“What is it like to live with Charcot-Marie-Tooth?”
That is a good question that usually doesn’t come with a clear answer.
CMT affects nearly 1 in every 2500 people in the United States and 2.6 million people worldwide, yet it remains a relatively unknown and misunderstood disease. Furthermore, those living with CMT often struggle to accurately explain what it’s like to live with the progressive, hereditary disorder.
Allison Moore, CEO of the Hereditary Neuropathy Foundation (HNF), wanted to solve this problem for CMT patients, their families, and the medical community.
The answer was to commission HNF’s first Quality of Life research study about what it’s like to live with CMT. While quantitative research is critical to obtaining knowledge related to more effective treatment outcomes, it doesn’t speak to the experience of what it’s like to actually live with CMT.
The study is a collection of over 80 intimate and candid interviews, painting a vivid picture of those living with CMT. These interviews brought to light a range of different experiences: from devastating and heart-wrenching, to courageous and inspiring.
The goal of our Essential Guide is to help CMT patients learn more about how the disease affects others and help educate health professionals about some lesser-known symptoms, emotions, and experiences of people with CMT.
In this guide, you will learn about:
- The physical, emotional, and social effects of living with CMT.
- How delayed diagnosis, incorrect diagnosis, and lack of knowledge by physicians affect CMT patients.
- Attitudes and coping methods.
- Intervention and treatments.
- Making positive changes.
CMT still lurks in the shadows for much of the general public. One of our most important missions at HNF is to show people what it’s like to live with Charcot-Marie-Tooth (CMT). We hope this guide serves as your foundation of hope, education, and inspiration.
Download your FREE copy of our guide HERE.
Thank you for the information
I have just been diagnosed recently with CMT at age 65. I am now having more bladder issues then ever before now knowing why three surgeries never took.
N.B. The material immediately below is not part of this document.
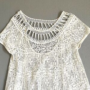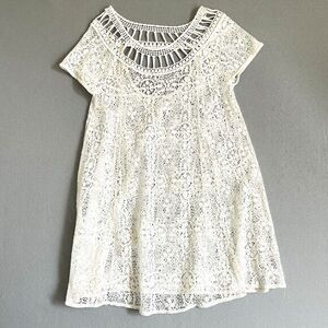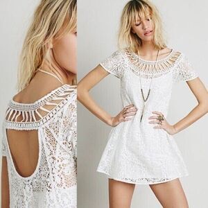 Free People Holy Mountain White Mini Floral Crochet Dress Womens M Short Sleeves Summer

I’m having releasing my urine. It’s starting to release so slow then maybe one day later it’s normal. I just get so frustrated not knowing why it’s so back in forth at times.
I also am dealing with this beginning at age 62. Bladder incontinence almost daily as well as occasional bowel incontinence (depending on type of foods). I agree that it is so very frustrating!! This disease just wreaks havoc on our entire body!! I hope your progression is slow.
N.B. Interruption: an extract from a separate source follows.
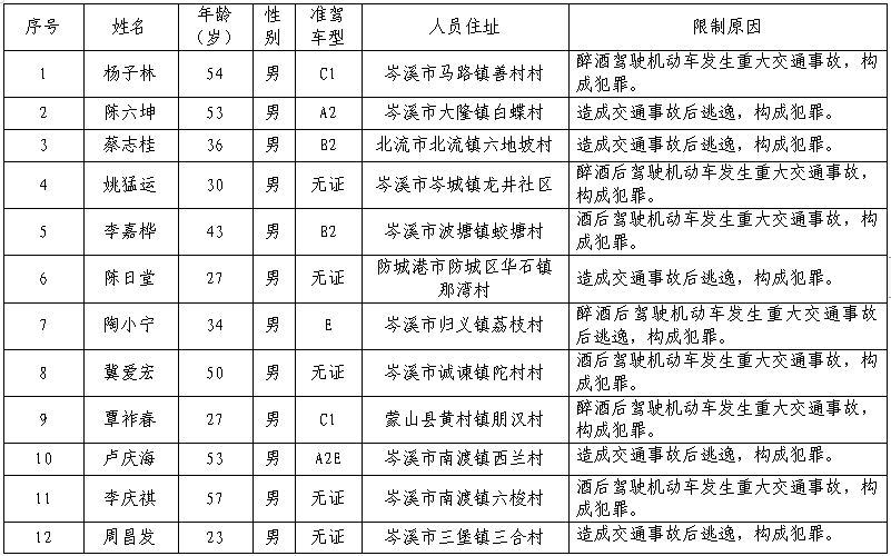 2019年至2022年4月期間,岑溪市公安機(jī)關(guān)偵辦的案件中共有27人因發(fā)生交通事故后逃逸或者飲酒醉酒駕駛機(jī)動(dòng)車發(fā)生重大交通事故構(gòu)成犯罪(經(jīng)人民法院判決),這些駕駛?cè)顺蛔肪肯嚓P(guān)刑事責(zé)任外,還被公安機(jī)關(guān)依法吊銷駕駛證并列入“終生禁駕”名單,現(xiàn)將“終生禁駕”人員予以曝光:
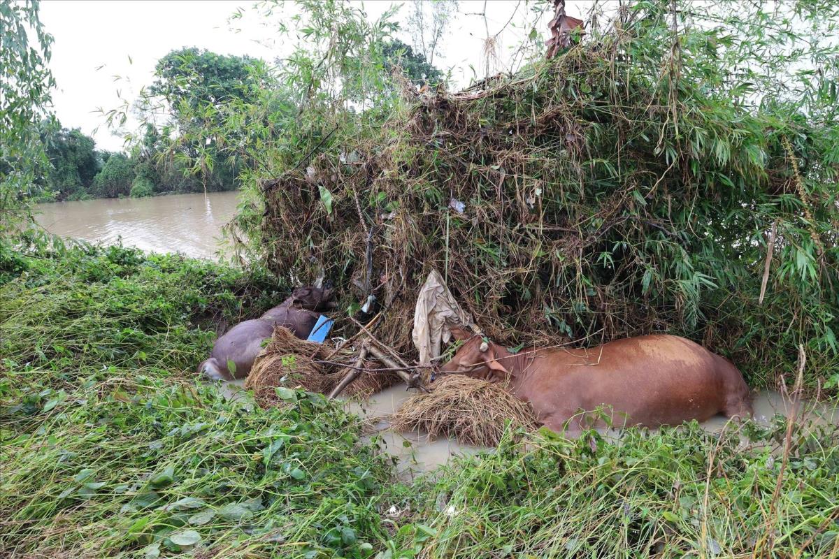 Xác những con bò bị chết do nước lũ. Ảnh: Đỗ Trưởng - TTXVN

I also have cmt since my mid 50s .I am 69 and have for the last year been having the same problem. It is frustrating but I just wear a pad for leaks which is not often . I haven’t spoke to my doctor yet .but it’s just good to know I’m not the only one.thanks for letting people know.
Hello I just found out my son of 5 has cmt what can I as a parent do for him my heart is breaking tonight. I just want him to have a normal life without this challenges he also as speech apraxia so this is not so nice. I wish I can help him. If anyone can please give me advice or anything please talk to me.
Hi Antoinette, our son who is five (I see your son is probably 7 now) also has CMT. Yes, it is heartbreaking, but yes we can give them good lives! I wonder how you and he are doing now that two years have passed. I hope things are good.
I would really like to be able to talk with the parents of small children diagnosed with CMT. My concern (tons of concerns) is that I understand the emotional issues she might be having. Additionally some suggestions for talking positively with my 4 year old granddaughter and perhaps her friends. We are seeing behaviors concerning eating, bladder control as well as other issues that we are being told are symptomatic and question that. Of course we question all. If anyone in Southern California has good pediatric CMT care providers (in Los Angeles /Long Beach and or Pasadena areas I NEED SOME REFERRALS from the community.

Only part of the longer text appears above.